STOKE WINDOW by JESS POLGLASE
Saturday 22nd March - Saturday 29th March, 2014
In the first of a new series of AirSpace Gallery's In The Window exhibitions, Cornish Artist, Jess Polglase explores architecture, perspective and space.
The AirSpace Gallery Window reaches a large daily audience and our market research has discovered that our Window exhibition program is very positively received. The In The Window programmeoffers artists at all stages of their careers a chance to test ambitious new work in an established Gallery setting.
In Stoke Window, Jess has created a piece of work engendered through a particular process. Through creating wall drawings that are linear maps of ceilings she has visited, converting a photo to a line drawing and then taping this onto the wall of the exhibition, her lines extend perspective in an exhibition space by working with the nature of her surroundings and creating a warped shape that encompasses the room. She works with the exhibition space, not within it, and enhances the architecture already present, her lines of whiteboard gridding tape signify a space usually unnoticed and unloved.
At Airspace her lines fill the windows. The lines are not meant to be recognisable to the audience, purely reduced to line they take on a new meaning, and the original ceiling is purely the starting point of the lines. Instead we are asked to question perspective and the way in which Jessica Polglase’s construction works in the space it fills.
Jessica Polglase was born in Penzance, Cornwall, in 1990. She has been exhibiting in group shows since 2006, when she was selected to be in the ‘Gifted and Talented’ group at school. She has always been interested in art and participated in life drawing classes from the age of 15 in St Ives, continuing throughout college and during the Art Foundation course at Tregye, Truro College, Cornwall, which she completed in 2010. She then went on to study BA(Hons)Fine Art: Painting and Drawing at The University of Gloucestershire graduating with a first class honours degree. Whilst at university she won a month’s scholarship at the British School in Rome, funded by The Summerfield Trust, and this experience strengthened her artistic practice greatly. Both by winning and experiencing the trip her work became more confident and interesting. It also led to her being selected to represent her university at the ‘Hans Brinker Budget Trophy’ exhibition competition in Amsterdam, December 2012 where she was able to compete against other students. She has spent time volunteering at Newlyn Art Gallery and Gloucester Guildhall Gallery, and even spent time as an artist’s assistant for the artist Andrew Palmer. During her time at university she collaborated with fellow student Jodie Downes, finding the experience liberating when compared to solo work, and hopes to have an opportunity like this again in the future. In their second year these two artists also organised a group exhibition entitled ‘Flux’ for the Gloucester Guildhall Gallery.

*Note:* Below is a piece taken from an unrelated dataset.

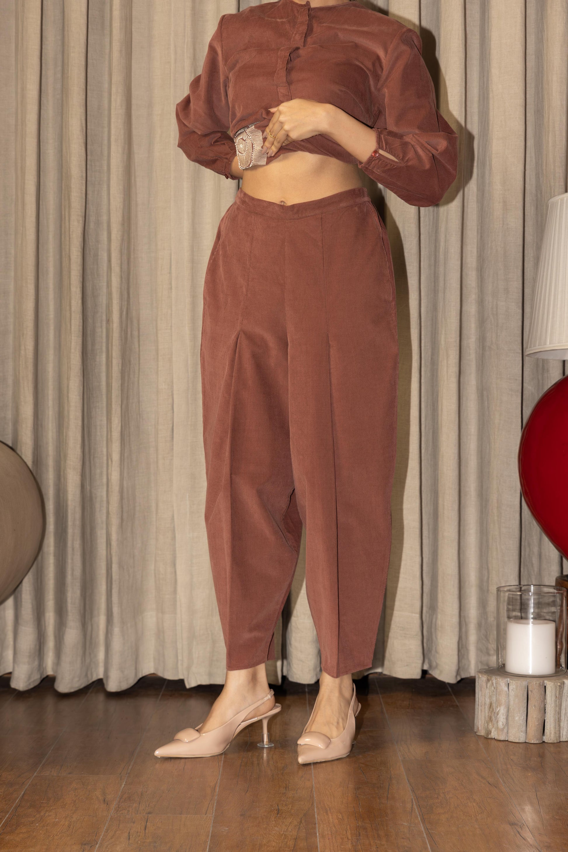 The bottoms are designed with a tapered fit and subtle pleats, offering ease of movement without compromising structure. The set exudes understated luxury — perfect for the woman who values craftsmanship, comfort, and modern elegance in her wardrobe.

Jessica’s work is very much about drawing attention to the unnoticed, as well as speaking to the audience on a personal level, and involving them. She sometimes uses mirrors to include a visual aspect of the audience into her work that is different for every person, exhibited at different heights so that the audience doesn’t always see their own face staring back at them. She has a huge interest in building work specifically for the site it will be exhibited in and Polglase is interested in exploring how the space around art can become part of the final work and experience. Her lines of whiteboard gridding tape signify a space usually unnoticed and unloved. Her wall drawings are linear maps of ceilings she has visited, converting a photo to a line drawing and then taping this onto the wall of the exhibition.
Currently Jessica is living and practicing in Cornwall. Her three passions are art, Cornwall and feminism.